- [Entries shown]

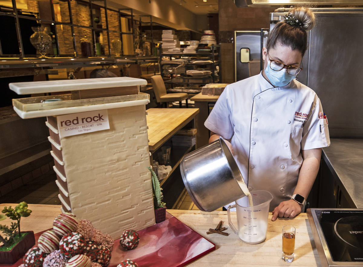 Pastry chef Brittany Simmons prepares to make a hot cocoa bomb cocktail on Monday, Nov. 23, 2020, at Red Rock Resort in Las Vegas. (Benjamin Hager/Las Vegas Review-Journal) @benjaminhphoto
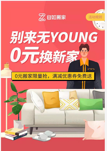 为了方便更多租客轻松搬家,北京自如推出了“别来无YOUNG 0元换新家”活动,租客在2021年3月2日10:00-4月5日24:00期间可以登陆自如APP,在相应的活动界面领取优惠券,享受搬家优惠。自如搬家明码变价、服务至上,受到了广大租客的一直好评。
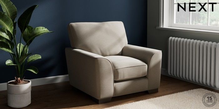 7.3.1 Buy Stamford Grand Relaxed Sit Armchair Ripple Chenille Light Natural Square Angle - Gunmetal from the Seasons online shop Click here to use our website with more accessibility support, for example screen readers
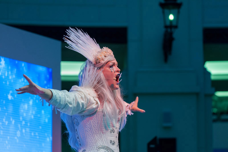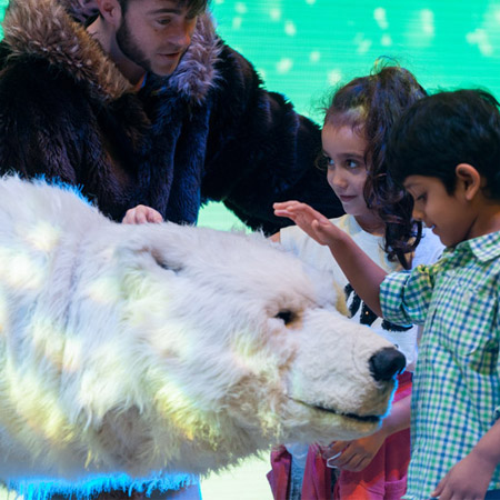 I tuoi ospiti si immergeranno in una storia affascinante in cui una bambina si perde in una tempesta di neve. Mentre cade addormentata, troppo stanca e fredda per andare avanti, si sveglia in un mondo dei sogni dove incontra una serie di personaggi fantastici con costumi incredibili. Una bellissima ma feroce Regina del Ghiaccio incanterà con canzoni suggestive, eleganti fate di ghiaccio incanteranno con danze di balletto, talentuosi acrobati di cristallo stupiranno con l'equilibrio a mano a mano, due clown artici divertentissimi causeranno molte risate e un coraggioso esploratore artico accompagnato da un impressionante orso polare animatronico di dimensioni naturali di colore bianco nevoso lascerà tutti senza fiato!
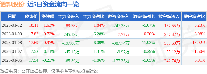 证券之星消息,截至2026年1月12日收盘,诺邦股份(603238)报收于18.11元,上涨1.63%,换手率1.53%,成交量2.71万手,成交额4881.98万元。
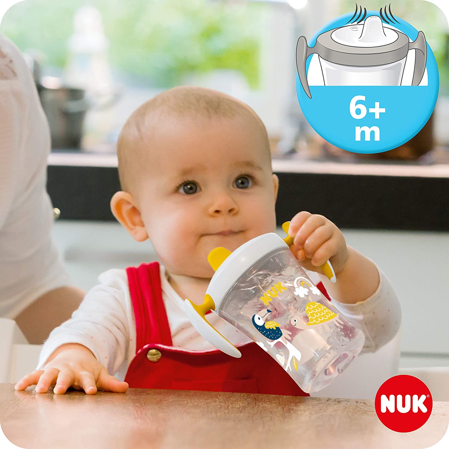 Copo Trainer (6m +): bico macio e à prova de vazamentos é suave para as gengivas e facilita a transição da garrafa para o copo; Alças ergonômicas permitem fácil manuseio

- [Exercise] The pictures stay out; please reproduce everything else in the entries exactly.

- [Output below]
 Pastry chef Brittany Simmons prepares to make a hot cocoa bomb cocktail on Monday, Nov. 23, 2020, at Red Rock Resort in Las Vegas. (Benjamin Hager/Las Vegas Review-Journal) @benjaminhphoto
 为了方便更多租客轻松搬家,北京自如推出了“别来无YOUNG 0元换新家”活动,租客在2021年3月2日10:00-4月5日24:00期间可以登陆自如APP,在相应的活动界面领取优惠券,享受搬家优惠。自如搬家明码变价、服务至上,受到了广大租客的一直好评。
 7.3.1 Buy Stamford Grand Relaxed Sit Armchair Ripple Chenille Light Natural Square Angle - Gunmetal from the Seasons online shop Click here to use our website with more accessibility support, for example screen readers
 I tuoi ospiti si immergeranno in una storia affascinante in cui una bambina si perde in una tempesta di neve. Mentre cade addormentata, troppo stanca e fredda per andare avanti, si sveglia in un mondo dei sogni dove incontra una serie di personaggi fantastici con costumi incredibili. Una bellissima ma feroce Regina del Ghiaccio incanterà con canzoni suggestive, eleganti fate di ghiaccio incanteranno con danze di balletto, talentuosi acrobati di cristallo stupiranno con l'equilibrio a mano a mano, due clown artici divertentissimi causeranno molte risate e un coraggioso esploratore artico accompagnato da un impressionante orso polare animatronico di dimensioni naturali di colore bianco nevoso lascerà tutti senza fiato!
 证券之星消息,截至2026年1月12日收盘,诺邦股份(603238)报收于18.11元,上涨1.63%,换手率1.53%,成交量2.71万手,成交额4881.98万元。
 Copo Trainer (6m +): bico macio e à prova de vazamentos é suave para as gengivas e facilita a transição da garrafa para o copo; Alças ergonômicas permitem fácil manuseio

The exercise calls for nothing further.